Context Lime, officially Neutron Holdings Inc., is backed by Uber and plans to list on Nasdaq with Goldman Sachs, J.P. Morgan, and Jefferies as underwriters. The company says IPO funds will repay all outstanding debt, support operations, and finance tech acquisitions. Lime has generated positive free cash flow for three straight years, even as its net loss widened.
Key Facts Revenue reached $886.7 million in 2025, up 29.1% year‑over‑year. Net loss totaled $59.3 million for the same period. Using the average enterprise‑value‑to‑revenue multiple of comparable mobility peers (~2.5), Lime’s 2025 revenue implies an implied market cap of roughly $2.2 billion. Bird’s stock fell about 90% after its 2021 SPAC debut, leading to bankruptcy and delisting by 2024.

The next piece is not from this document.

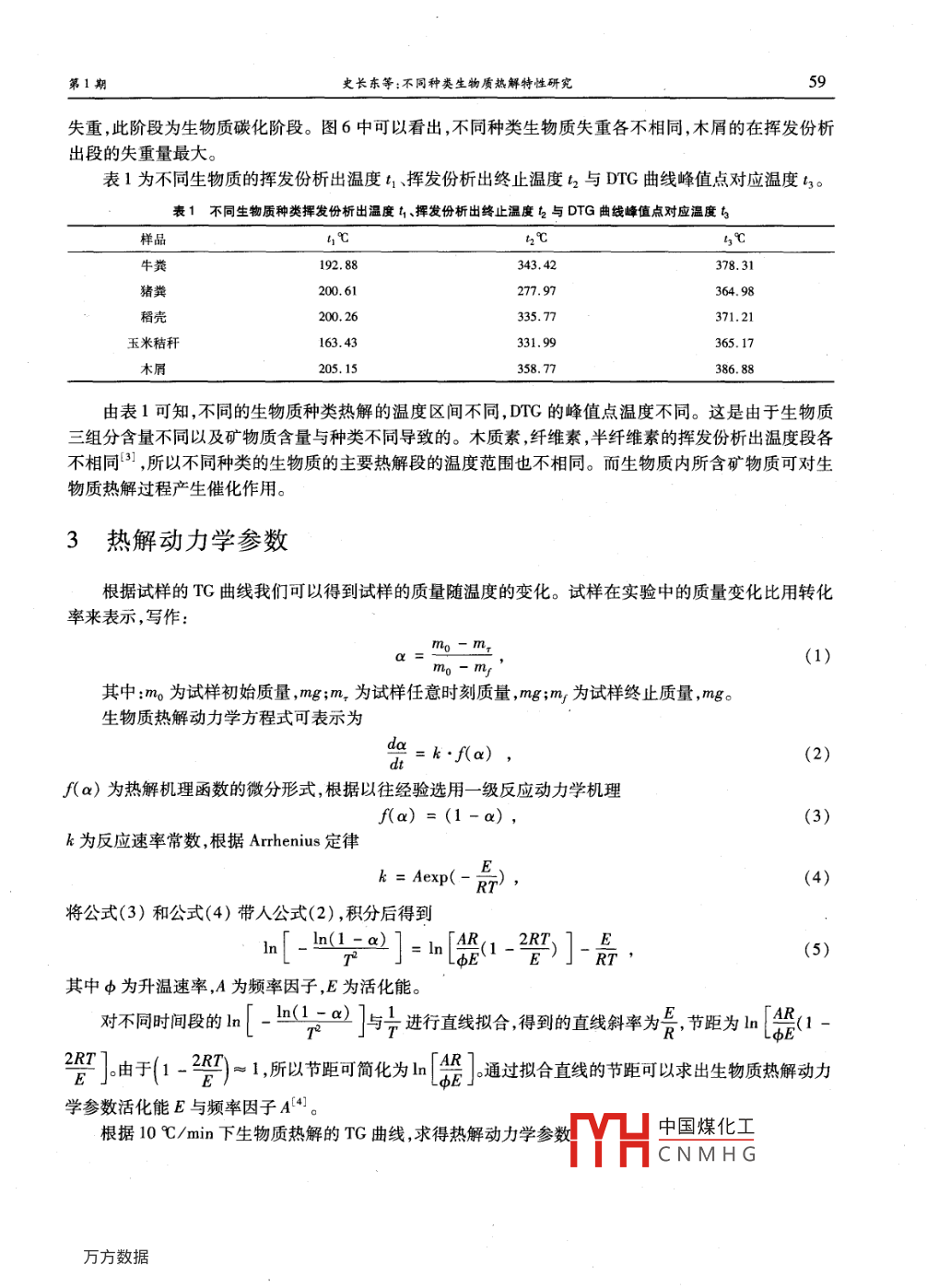 第32卷第1期東北電力大學(xué)學(xué)報Vol 32, No. 12012年2月Journal Of Northeast Dianli UniversityFeb.,2012文章編號:1005-2992(2012)01-0057-04不同種類生物質(zhì)熱解特性研究史長東1,張銳2,車德勇2,賈嘉2(1.吉林市能源測試檢驗所,吉林吉林132013;2東北電力大學(xué)能源與動力工程學(xué)院,吉林吉林132012)摘要:在熱重分析儀上,豬糞、稻殼、玉米秸稈、木屑等五種生物質(zhì)進(jìn)行熱解實驗研究。研究發(fā)現(xiàn),生物質(zhì)的熱解過程可分為干燥預(yù)熱階段、揮發(fā)份析出段、碳化階段。不同種類的生物質(zhì)揮發(fā)份析出溫度、揮發(fā)份析出終止溫度、最大失重速率對應(yīng)溫度均不相同。通過動力學(xué)計算可知玉米秸稈的熱解活化能較小,說明它的熱解過程最容易進(jìn)行。關(guān)鍵詞:生物質(zhì);熱解;熱分析中圖分類號:TK6文獻(xiàn)標(biāo)識碼:A生物質(zhì)能是一種豐富的可再生能源。利用生物質(zhì)能在對于調(diào)整能源結(jié)構(gòu)、緩解能源危機(jī)和控制溫室氣體排放等方面意義重大。生物質(zhì)的熱化學(xué)轉(zhuǎn)換應(yīng)用一直倍受關(guān)注。熱化學(xué)轉(zhuǎn)換可快速將低品質(zhì)的生物質(zhì)能轉(zhuǎn)化成高品位的合成氣、生物油及焦炭。而熱解技術(shù)是生物質(zhì)熱化學(xué)反應(yīng)應(yīng)用的基礎(chǔ),對進(jìn)一步進(jìn)行生物質(zhì)的液化、氣化等研究有著重要的指導(dǎo)意義。依據(jù)來源的不同,將生物質(zhì)分為林業(yè)資源農(nóng)業(yè)資源、生活污水和工業(yè)有機(jī)廢水、城市固體廢物和畜禽糞便等五大類。本文在熱重分析儀上研究了木屑,秸稈、稻殼和牛糞、豬糞的熱解特性,并進(jìn)行了熱動力學(xué)分析,比較其活化能大小關(guān)系,為進(jìn)一步研究生物質(zhì)的熱化學(xué)轉(zhuǎn)化提供基礎(chǔ)數(shù)據(jù)。1實驗材料與物性分析本實驗選用的實驗樣品分別為吉林市養(yǎng)殖場的牛糞與豬糞,吉林市木材加工廠的廢棄物木屑,稻米加工廠的稻殼以及農(nóng)田里的廢棄玉米秸稈。實驗前將樣品充分干燥后研磨至0.2mm以下密封保存。實驗儀器采用TA公司的 SDTQ600型熱重分析儀。試驗采用非等溫法,升溫速率為10℃/min,溫度范圍為室溫到800℃,通入高純氮?dú)庾鳛檩d氣。2實驗結(jié)果及分析圖1-5分別為升溫速率10℃/min下牛糞豬糞、稻殼、玉米秸稈、木屑的TG及DTG曲線。圖6為五種生物質(zhì)的熱解失重曲線比較。中國煤化工收稿日期:2011-11-20CNMHG作者簡介:史長東(1967-),男,吉林省吉林市人,吉林市能源測試檢驗所高級工程師,主要研究方向:能量平衡測試、石油化工分析等東北電力大學(xué)學(xué)報第32驀100.001s800.300005300100200300400500600700800900400500600700800900圖1牛糞在升溫速率10℃/min的熱解曲線圖2豬糞在升溫速率10℃/min的熱解曲線0.11-00.40,100200300400500600700800900圖3稻殼在升溫速率10℃/min的熱解曲線圖4玉米秸稈在升溫速率10℃/min的熱解曲線00一牛糞b-豬糞▲-稻殼V玉米秸稈一木屑60040.8圖5木屑在升溫速率10℃/min的熱解曲線圖6五種生物質(zhì)在升溫速率10℃/min下熱解曲線比較由生物質(zhì)熱解曲線可知,熱解主要分為三個階段:干燥預(yù)熱階段、揮發(fā)份析出段碳化階段。隨著加熱的進(jìn)行,生物質(zhì)中的水分析出,在100℃-120℃左右,干燥基V凵中國煤化工出溫度時,試樣質(zhì)量再次出現(xiàn)下降,DTG曲線開始快速下降,并出現(xiàn)峰值。這CNMHG維素、木質(zhì)素吸收了大量的熱量發(fā)生化學(xué)反應(yīng)并析出揮發(fā)份。當(dāng)揮發(fā)份析出段結(jié)束,DTG曲線恢復(fù)平穩(wěn),物料緩慢第1史長東等:不同種類生物質(zhì)熱解特性研究失重,此階段為生物質(zhì)碳化階段。圖6中可以看出,不同種類生物質(zhì)失重各不相同,木屑的在揮發(fā)份析出段的失重量最大。表1為不同生物質(zhì)的揮發(fā)份析出溫度t1揮發(fā)份析出終止溫度2與DTG曲線峰值點(diǎn)對應(yīng)溫度l3。表1不同生物質(zhì)種類揮發(fā)份析出溫度與、揮發(fā)份析出終止溫度與與DTG曲線峰值點(diǎn)對應(yīng)溫度與樣品℃牛糞192.88343.42378.31豬糞稻殼00.26335.77371.21玉米秸稈65.17木屑05.15358.77由表1可知,不同的生物質(zhì)種類熱解的溫度區(qū)間不同,DTG的峰值點(diǎn)溫度不同。這是由于生物質(zhì)三組分含量不同以及礦物質(zhì)含量與種類不同導(dǎo)致的。木質(zhì)素,纖維素,半纖維素的揮發(fā)份析出溫度段各不相同,所以不同種類的生物質(zhì)的主要熱解段的溫度范圍也不相同。而生物質(zhì)內(nèi)所含礦物質(zhì)可對生物質(zhì)熱解過程產(chǎn)生催化作用。3熱解動力學(xué)參數(shù)根據(jù)試樣的TC曲線我們可以得到試樣的質(zhì)量隨溫度的變化。試樣在實驗中的質(zhì)量變化比用轉(zhuǎn)化率來表示,寫作其中:mo為試樣初始質(zhì)量,mg;m,為試樣任意時刻質(zhì)量,mg;m為試樣終止質(zhì)量,mg生物質(zhì)熱解動力學(xué)方程式可表示為da=k·f(a),dt(2)f(a)為熱解機(jī)理函數(shù)的微分形式,根據(jù)以往經(jīng)驗選用一級反應(yīng)動力學(xué)機(jī)理f(a)=(1-a)k為反應(yīng)速率常數(shù),根據(jù) Arrhenius定律Ek Aexp(-pm)4R將公式(3)和公式(4)帶人公式(2),積分后得到InAR2RTEDE(1E(5)其中φ為升溫速率,A為頻率因子,E為活化能對不同時間段的lnIn(1-a)T進(jìn)行直線擬合得到的直線斜率為,節(jié)距為ln5(12g

What It Means The IPO reflects a liquidity‑driven strategy: Lime hopes public markets will provide the cash needed to eliminate debt and sustain growth, a path Bird failed to follow. Investors will weigh Lime’s revenue momentum against its persistent losses and the scooter sector’s volatile track record.
Watch for the IPO pricing range and underwriter roadshow commentary, which will signal investor appetite for Lime’s debt‑repayment plan and its path to profitability.